6)docker-compose.yaml 编排

yaml 复制代码
version: '3'
services:
  hadoop-hdfs-nn:
    image: hadoop:v1
    user: "hadoop:hadoop"
    container_name: hadoop-hdfs-nn
    hostname: hadoop-hdfs-nn
    restart: always
    env_file:
      - .env
    ports:
      - "30070:${HADOOP_HDFS_NN_PORT}"
    command: ["sh","-c","/opt/apache/bootstrap.sh hadoop-hdfs-nn"]
    networks:
      - hadoop_network
    healthcheck:
      test: ["CMD-SHELL", "curl --fail http://localhost:${HADOOP_HDFS_NN_PORT} || exit 1"]
      interval: 10s
      timeout: 5s
      retries: 3
  hadoop-hdfs-dn-0:
    image: hadoop:v1
    user: "hadoop:hadoop"
    container_name: hadoop-hdfs-dn-0
    hostname: hadoop-hdfs-dn-0
    restart: always
    depends_on:
      - hadoop-hdfs-nn
    env_file:
      - .env
    ports:
      - "30864:${HADOOP_HDFS_DN_PORT}"
    command: ["sh","-c","/opt/apache/bootstrap.sh hadoop-hdfs-dn hadoop-hdfs-nn ${HADOOP_HDFS_NN_PORT}"]
    networks:
      - hadoop_network
    healthcheck:
      test: ["CMD-SHELL", "curl --fail http://localhost:${HADOOP_HDFS_DN_PORT} || exit 1"]
      interval: 10s
      timeout: 5s
      retries: 3
      # hadoop-hdfs-dn-1:
      #   image: hadoop:v1
      #   user: "hadoop:hadoop"
      #   container_name: hadoop-hdfs-dn-1
      #   hostname: hadoop-hdfs-dn-1
      #   restart: always
      #   depends_on:
      #     - hadoop-hdfs-nn
      #   env_file:
      #     - .env
      #   ports:
      #     - "30865:${HADOOP_HDFS_DN_PORT}"

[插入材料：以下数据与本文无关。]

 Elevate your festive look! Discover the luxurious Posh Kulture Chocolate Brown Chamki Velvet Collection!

      #   command: ["sh","-c","/opt/apache/bootstrap.sh hadoop-hdfs-dn hadoop-hdfs-nn ${HADOOP_HDFS_NN_PORT}"]
      #   networks:
      #     - hadoop_network
      #   healthcheck:
      #     test: ["CMD-SHELL", "curl --fail http://localhost:${HADOOP_HDFS_DN_PORT} || exit 1"]
      #     interval: 10s
      #     timeout: 5s
      #     retries: 3
      # hadoop-hdfs-dn-2:
      #   image: hadoop:v1
      #   user: "hadoop:hadoop"
      #   container_name: hadoop-hdfs-dn-2
      #   hostname: hadoop-hdfs-dn-2
      #   restart: always
      #   depends_on:
      #     - hadoop-hdfs-nn
      #   env_file:
      #     - .env
      #   ports:
      #     - "30866:${HADOOP_HDFS_DN_PORT}"

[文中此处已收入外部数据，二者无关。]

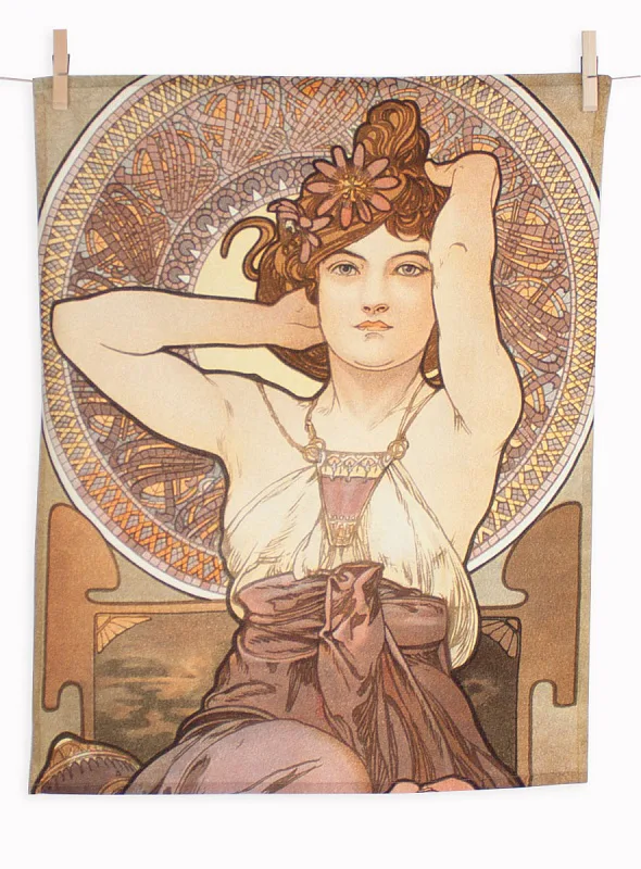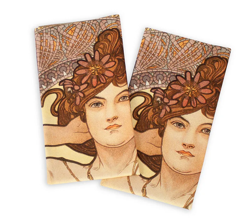 Kolekce bavlněných kuchyňských utěrek s kresbami Alfonse Muchy vnese do vaší kuchyně jediněčnou atmosféru. Nejmodernější digitální tisková technologie zajišťuje zářivé barvy a precizní detaily.

      #   command: ["sh","-c","/opt/apache/bootstrap.sh hadoop-hdfs-dn hadoop-hdfs-nn ${HADOOP_HDFS_NN_PORT}"]
      #   networks:
      #     - hadoop_network
      #   healthcheck:
      #     test: ["CMD-SHELL", "curl --fail http://localhost:${HADOOP_HDFS_DN_PORT} || exit 1"]
      #     interval: 10s
      #     timeout: 5s
      #     retries: 3
  hadoop-yarn-rm:
    image: hadoop:v1
    user: "hadoop:hadoop"
    container_name: hadoop-yarn-rm
    hostname: hadoop-yarn-rm
    restart: always
    env_file:
      - .env
    ports:
      - "30888:${HADOOP_YARN_RM_PORT}"
    command: ["sh","-c","/opt/apache/bootstrap.sh hadoop-yarn-rm"]
    networks:
      - hadoop_network
    healthcheck:
      test: ["CMD-SHELL", "netstat -tnlp|grep :${HADOOP_YARN_RM_PORT} || exit 1"]
      interval: 10s
      timeout: 5s
      retries: 3
  hadoop-yarn-nm-0:
    image: hadoop:v1
    user: "hadoop:hadoop"
    container_name: hadoop-yarn-nm-0
    hostname: hadoop-yarn-nm-0
    restart: always
    depends_on:
      - hadoop-yarn-rm
    env_file:
      - .env
    ports:
      - "30042:${HADOOP_YARN_NM_PORT}"
    command: ["sh","-c","/opt/apache/bootstrap.sh hadoop-yarn-nm hadoop-yarn-rm ${HADOOP_YARN_RM_PORT}"]
    networks:
      - hadoop_network
    healthcheck:
      test: ["CMD-SHELL", "curl --fail http://localhost:${HADOOP_YARN_NM_PORT} || exit 1"]
      interval: 10s
      timeout: 5s
      retries: 3
      # hadoop-yarn-nm-1:
      #   image: hadoop:v1
      #   user: "hadoop:hadoop"
      #   container_name: hadoop-yarn-nm-1
      #   hostname: hadoop-yarn-nm-1
      #   restart: always
      #   depends_on:
      #     - hadoop-yarn-rm
      #   env_file:
      #     - .env
      #   ports:
      #     - "30043:${HADOOP_YARN_NM_PORT}"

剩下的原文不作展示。